COLLECTED DATA -
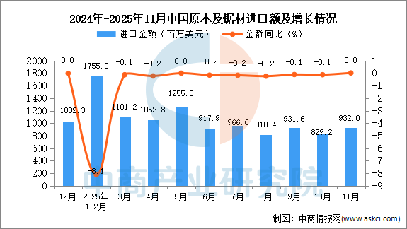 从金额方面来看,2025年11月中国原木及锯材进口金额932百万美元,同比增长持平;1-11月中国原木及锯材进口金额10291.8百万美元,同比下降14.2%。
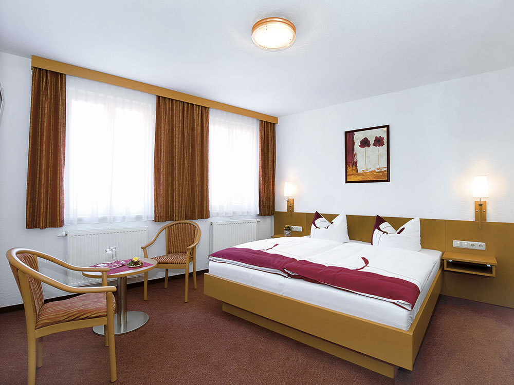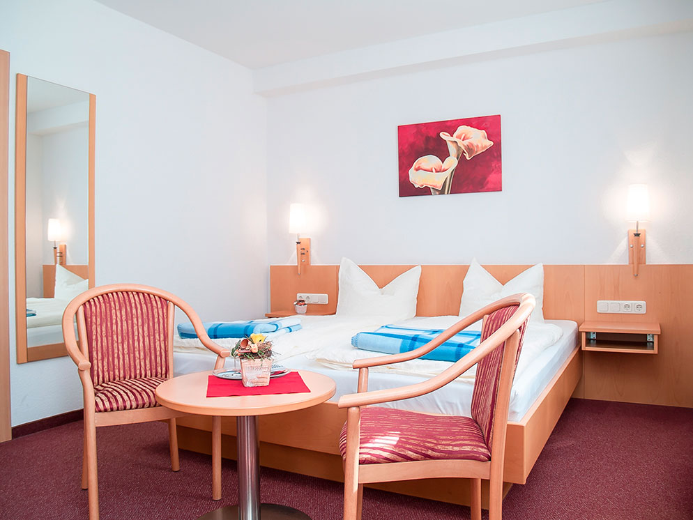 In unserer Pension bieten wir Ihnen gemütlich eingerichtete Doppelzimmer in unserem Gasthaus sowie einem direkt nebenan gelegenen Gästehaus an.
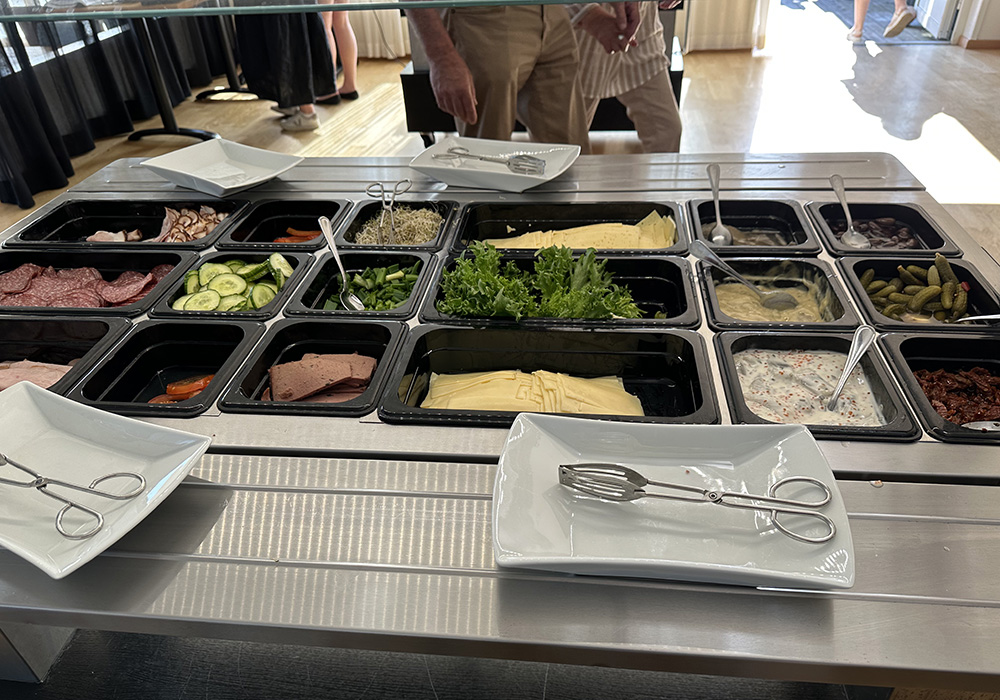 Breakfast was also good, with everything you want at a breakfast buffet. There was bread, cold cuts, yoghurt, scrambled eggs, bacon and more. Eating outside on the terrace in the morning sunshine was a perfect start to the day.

WHAT THE TASK ASKS -
Your copy should consist only of the lines from the line holding "In unserer Pension" through the final line of the listing above, both included, with all pictures omitted.

EXERCISE OUTPUT -
 In unserer Pension bieten wir Ihnen gemütlich eingerichtete Doppelzimmer in unserem Gasthaus sowie einem direkt nebenan gelegenen Gästehaus an.
 Breakfast was also good, with everything you want at a breakfast buffet. There was bread, cold cuts, yoghurt, scrambled eggs, bacon and more. Eating outside on the terrace in the morning sunshine was a perfect start to the day.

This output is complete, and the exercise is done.